Beauty
Visual perceptions of human beauty are obviously learned behaviors. What is beautiful in one culture is not beautiful in another. What one person finds beautiful in a lover may horrify another.
Yet, there are social trends of beauty. These are taught to a receptive public by the drumming of visual commercial media. Long hair, short hair, tall, short, thin and plump. These all come and go with the whim of advertisers and the appetite of consumers for change.
There are also basic, generally accepted elements of human beauty which include youthfulness, muscularity, symmetry, smoothness of skin, large eyes, thick hair, white teeth, etc..
The current materialism in society, combined with relentless saturation of daily life with commercial media which use human beauty to sell things, has led to a reduction of human beauty to its superficial material value. Beauty has been reduced to a manipulative tool to achieve materialistic gains. This is a generalized prostitution ethic, which is revealing itself on all levels of society.
One result of this ethic is the devaluation of hard work and merit as keys to success.

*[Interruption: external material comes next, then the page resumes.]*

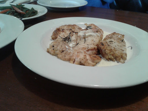 Not going back to this place. To start my boyfriend and I had planned to drive around town and find a cute place to eat for dinner. This restaurant looked nice so we went in and were seated right away. Our server came to get our drink orders and took a while to get back on food. The menu was small and there were only about 4 vegetarian options so I ordered a salmon sandwich and we also added side ceasar salads. Before the salads we were given bread... 2 weany slices with butter (ok lame, seriously?) and were never offered more bread (cheap #1) then we got our salds and it had pretty much no dressing so we had to actually ASK for more (cheap #2) then the band started (annoying #1) we had NO idea there was a band and it was SO loud, if we had known were wouldnt be able to hear ourselves think, we would have just left. The entire time the waitress was good about refilling drinks but everytime I asked her something extra she was like "WHAT?" (this started before the band even, annoying #2) we get out food and to my irritated surprise there is BACON on my sandwich (annoying #3) who puts bacon on a fish sandwich??????!!!!!! I told the waitress I had no idea (not on the menu description) and it needed to be remade. She was like "ok" then came back a few min later and was like "yea its gonna be a while" like its my fault... my food actually came back out only about a min after but I was suspicious (since I only waited 5 min) they just pulled the bacon off, ew. so we pretty much left right after that. Overall not a good experience and the food was overpriced anyhow so I wouldnt even consider trying again!
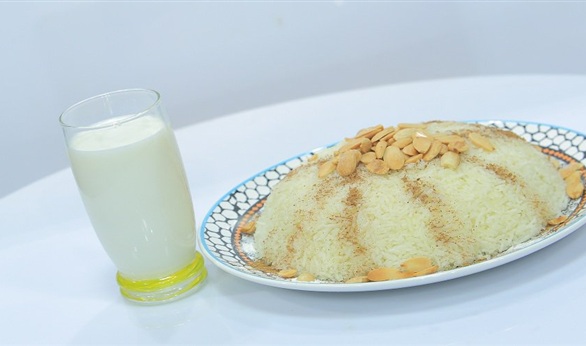 ثم حمري اللوز المقشر عند تقديم الأرز ضعيه في طبق التقديم على شكل هرم وزينيه باللوز والقرفة والسكر الناعماضيفي ماء الزهر الى اللبن وقدميه إلى جانب الطبق.

The consequences of this are obvious. When those with marketable beauty become catapulted to positions of responsibility and celebrity over those with merit, genius or dedication, the fabric of society deteriorates.
Part of my practice is a conscious attempt to focus on merit, decency and intelligence in the people around me. This practice rapidly has made me aware that those with marketable beauty are seldom the focus of my attention in public settings or in general interactions. If conventional beauty has become power and power corrupts, then conventional beauty corrupts.